Johnny Cash is dead, Tower records is bankrupt, god save the fucking Queen

towerbagI just read that Tower records is near bankrupt, and in the last year Musicland, Sam Goody, and Wherehouse have all filed for bankruptcy protection, and one day, there aren’t going to be any record stores. Why? Because modern music sucks ass! No, really, it is because of peer to peer file sharing networks.

Let’s get all the bullshit out of the way right up front – I love peer to peer networks. I routinely steal any software that I can, and I download music freely using LimeWire (and previously, the dear, departed napster).

I do these things because I am not wealthy. I am barely solvent. In fact, I filed for my own bankruptcy protection recently, and I still owe the United States government more than seven thousand dollars.

Once I was a prosperous Internet employee, riding high on a wave of money, free booze – er, I mean Cokes – and love. No credit card debt, tens of thousands in the bank, a house overlooking the Pacific ocean (renting, mind you) – yes, it was a sweet time.

But something happened somewhere along the line. People wised up, money dried up, and everything was fucked up. And then one day, ding dong, the witch is dead – you’re fired, jackass, get out of here.

What does all this have to do with record stores vanishing? I don’t know. Maybe nothing. All I know is I haven’t been in a record store in ten years. But back in the day I discovered a ton of brilliant, worthwhile, beautiful music while flipping though the LP’s in the local record store. Things I never would have bought, let alone known about, if it hadn’t been for those racks and racks of 12″ vinyl discs.

For instance, I was 14 years old, flipping through the bins at Three Acre Wood, a tiny, shithole-in-the-wall record shop in St. Paul, when I spied in the rack at eye level the New York Dolls first album. I picked it up because it was just so fucking weird looking. The hippie behind the counter said, “That’s some kick ass rock and roll you have there,” and I must have looked like I was frightened or repulsed, because he said, “bring it here,” so I did.

He smacked the album down on the counter, splitting and removing the shrinkwrap in an amazing sleight of hand move that I was never able to recreate, pulled out the album and put it on the turntable.

Now, you may be familiar with the New York Dolls music, and here in 2003 it is easy to dismiss it as retro trash, insignificant or just plain garbage, but in the context of its time it was shocking and revolutionary. Not because of the style or format – it was only rock and roll – but because of the execution. It was stinky raw real live loud fucked up shit! And while I discovered the Stooges a few weeks later (who were more stinky raw real live loud and fucked up than any band before or since), the Dolls were my first taste of nirvana. No pun intended, Kurdt.

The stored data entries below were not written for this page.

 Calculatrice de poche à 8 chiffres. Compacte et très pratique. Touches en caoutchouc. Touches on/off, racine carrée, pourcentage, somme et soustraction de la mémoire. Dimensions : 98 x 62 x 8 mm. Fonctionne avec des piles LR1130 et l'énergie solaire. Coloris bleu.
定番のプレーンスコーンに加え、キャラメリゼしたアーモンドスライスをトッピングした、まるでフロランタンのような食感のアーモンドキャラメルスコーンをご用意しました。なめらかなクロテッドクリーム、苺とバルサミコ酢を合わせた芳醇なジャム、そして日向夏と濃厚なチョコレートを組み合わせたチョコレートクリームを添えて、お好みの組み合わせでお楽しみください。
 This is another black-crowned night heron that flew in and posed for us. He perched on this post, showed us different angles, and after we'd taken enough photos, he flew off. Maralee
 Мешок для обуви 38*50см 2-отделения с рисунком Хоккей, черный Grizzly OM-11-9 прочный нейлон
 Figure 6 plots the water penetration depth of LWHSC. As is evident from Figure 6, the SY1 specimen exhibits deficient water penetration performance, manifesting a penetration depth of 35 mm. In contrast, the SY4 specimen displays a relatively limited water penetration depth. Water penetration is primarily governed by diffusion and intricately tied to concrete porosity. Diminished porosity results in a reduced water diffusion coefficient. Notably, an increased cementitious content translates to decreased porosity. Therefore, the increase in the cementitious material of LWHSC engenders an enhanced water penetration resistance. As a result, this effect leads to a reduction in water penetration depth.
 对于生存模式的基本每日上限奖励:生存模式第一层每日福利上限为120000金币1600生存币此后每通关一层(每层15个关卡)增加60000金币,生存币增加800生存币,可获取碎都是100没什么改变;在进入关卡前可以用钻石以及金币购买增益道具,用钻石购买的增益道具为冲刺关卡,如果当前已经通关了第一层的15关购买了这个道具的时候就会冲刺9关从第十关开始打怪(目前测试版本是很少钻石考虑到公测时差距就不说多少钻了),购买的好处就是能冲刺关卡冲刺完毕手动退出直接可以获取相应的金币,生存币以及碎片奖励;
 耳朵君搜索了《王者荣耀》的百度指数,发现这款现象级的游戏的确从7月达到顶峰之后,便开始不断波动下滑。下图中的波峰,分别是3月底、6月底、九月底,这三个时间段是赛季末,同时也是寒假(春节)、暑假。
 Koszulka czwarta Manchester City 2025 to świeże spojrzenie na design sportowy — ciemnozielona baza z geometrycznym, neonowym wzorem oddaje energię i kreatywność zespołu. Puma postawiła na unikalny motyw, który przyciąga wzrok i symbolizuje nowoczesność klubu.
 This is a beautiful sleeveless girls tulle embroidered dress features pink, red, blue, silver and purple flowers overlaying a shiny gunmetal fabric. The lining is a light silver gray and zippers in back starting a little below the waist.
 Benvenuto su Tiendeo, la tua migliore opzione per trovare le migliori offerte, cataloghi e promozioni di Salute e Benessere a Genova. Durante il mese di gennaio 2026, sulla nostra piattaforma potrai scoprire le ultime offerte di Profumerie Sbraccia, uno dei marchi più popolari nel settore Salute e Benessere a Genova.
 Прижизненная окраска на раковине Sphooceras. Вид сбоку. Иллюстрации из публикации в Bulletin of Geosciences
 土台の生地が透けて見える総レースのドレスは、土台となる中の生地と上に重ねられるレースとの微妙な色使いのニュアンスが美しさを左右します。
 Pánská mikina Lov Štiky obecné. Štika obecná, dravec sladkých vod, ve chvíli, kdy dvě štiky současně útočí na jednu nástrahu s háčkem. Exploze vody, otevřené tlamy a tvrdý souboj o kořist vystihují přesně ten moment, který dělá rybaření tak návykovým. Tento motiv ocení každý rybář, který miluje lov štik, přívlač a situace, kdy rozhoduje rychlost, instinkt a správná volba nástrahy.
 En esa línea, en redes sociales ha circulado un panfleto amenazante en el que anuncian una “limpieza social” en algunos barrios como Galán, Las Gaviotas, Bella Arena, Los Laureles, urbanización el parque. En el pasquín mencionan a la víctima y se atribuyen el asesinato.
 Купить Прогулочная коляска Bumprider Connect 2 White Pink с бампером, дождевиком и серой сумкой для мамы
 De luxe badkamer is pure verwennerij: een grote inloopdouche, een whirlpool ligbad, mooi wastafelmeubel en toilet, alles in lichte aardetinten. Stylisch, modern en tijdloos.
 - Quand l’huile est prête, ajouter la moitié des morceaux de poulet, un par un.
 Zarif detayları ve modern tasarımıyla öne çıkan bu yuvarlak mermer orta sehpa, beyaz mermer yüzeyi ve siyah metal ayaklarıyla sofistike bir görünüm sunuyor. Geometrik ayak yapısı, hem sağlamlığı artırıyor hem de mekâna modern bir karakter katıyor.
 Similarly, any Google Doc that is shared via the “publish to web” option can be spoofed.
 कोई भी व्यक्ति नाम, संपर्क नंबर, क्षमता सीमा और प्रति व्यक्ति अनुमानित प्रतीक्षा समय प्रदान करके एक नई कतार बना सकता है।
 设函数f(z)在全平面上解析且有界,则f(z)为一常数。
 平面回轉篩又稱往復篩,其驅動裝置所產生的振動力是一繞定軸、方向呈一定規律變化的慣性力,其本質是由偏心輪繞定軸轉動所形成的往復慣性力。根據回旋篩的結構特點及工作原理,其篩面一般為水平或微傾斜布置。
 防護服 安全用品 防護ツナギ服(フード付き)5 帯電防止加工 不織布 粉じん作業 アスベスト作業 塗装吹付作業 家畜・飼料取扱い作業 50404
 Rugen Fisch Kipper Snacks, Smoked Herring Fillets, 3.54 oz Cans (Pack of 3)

The story of where the Dolls music lead is old and boring and has been articulated by folks much more talented than myself, but suffice it to say, it was the beginning of something. And something was better than nothing.

Three years later the Ramones were playing in a bar in St. Paul. A little dive that held, at most, 100 people. I was only 17 so I couldn’t get in to see them. But I had memorized that first album and I considered the Ramones to be messengers from god, so I was outside the bar while they played.

I broke away from the pack and went around back to the alley and the wall nearest the stage and found a hole in the wall where a ventilation fan was mounted. I slid a milk crate under the hole, and when I stood on it, I found that if I jumped high enough I could see through the ventilation hole. I balanced on the crate for 40 minutes, hopping up and down, catching 2 second glimpses of the back of the Ramones, in St. Paul, in 1977.

And that is why we need record stores.

But they are a dying breed, so don’t shed a tear for them. Just keep sucking down the Britney and Metallica over Dad’s DSL line. Everything will be fine.

Really.

The digital revolution has fed me and it has fucked me, and all of you, too. We believe we have the world at our fingertips, but we’re idiots. We don’t have anything.

Life goes on and the sun comes up every day and every day things are just a little bit more fucked up, and one day we will all be so sad and whiny and blue. So sad that we did not recognize what was important until it was too late. But such is our world and such is humanity and such is life since we wiggled out of the pond to an insignificant rock and roll beat.